Erector spinae muscles or paraspinal muscles run vertically along the spinal vertebrae and work to stabilize the back from the lower sacral to the cervical vertebrae and enable spinal flexion, extension, and rotation. The erector spinae is not a single muscle but a group that consists of the spinalis, longissimus, and iliocostalis muscles deep in the back; these are further categorized according to their position – capitis (head), cervicis (neck), thoracis (thorax), and lumborum (lower back).
Erector Spinae Function
Erector spinae function is to stabilize the spine and allow us to make various types of movements that involve the spine. Where each muscle originates and attaches determines the range and direction of movement.
Other muscles of the back also help us to rotate, flex and extend.
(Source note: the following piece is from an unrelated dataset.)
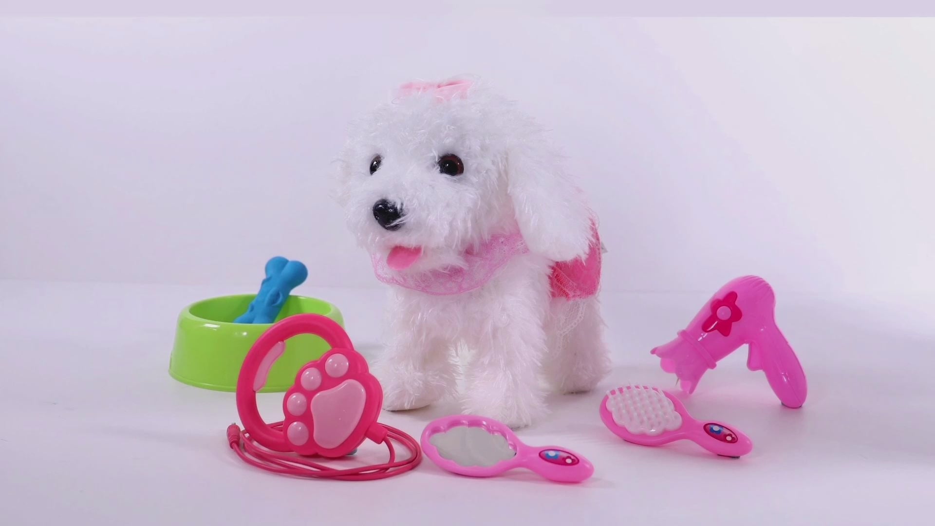 【CHIOT EN PELUCHE ÉLECTRONIQUE POUR ENFANTS】 - Cet adorable chiot en peluche électronique mesure environ 9" grand, le meilleur compagnon à avoir autour children.Includes 1 chien en peluche électronique interactif, 1 laisse télécommandée, 1 peigne, 1 sèche-cheveux, 1 miroir et une gamelle incluse. &et un os en caoutchouc souple pour nourrir un faux chien.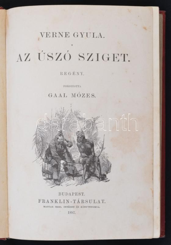 Verne Gyula: Az úszó sziget. Fordította Gaal Mózes. Budapest, 1897, Franklin-Társulat, 474+6 p. Kiadói illusztrált, festett, aranyozott egészvászon sorozatkötésben, egészoldalas fekete-fehér illusztrációkkal, kissé kopottas, foltos borítóval.

Although the erector spinae are often called the deep back muscles, they are not the deepest. This is why you may see them labeled as intermediate muscles in anatomy books.
The deeper muscle layer that lies underneath the erector spinae is a separate muscle group – the transversospinales muscles. They are mentioned in this article as they also play a part in movement but are definitely not part of the erector spinae muscle group.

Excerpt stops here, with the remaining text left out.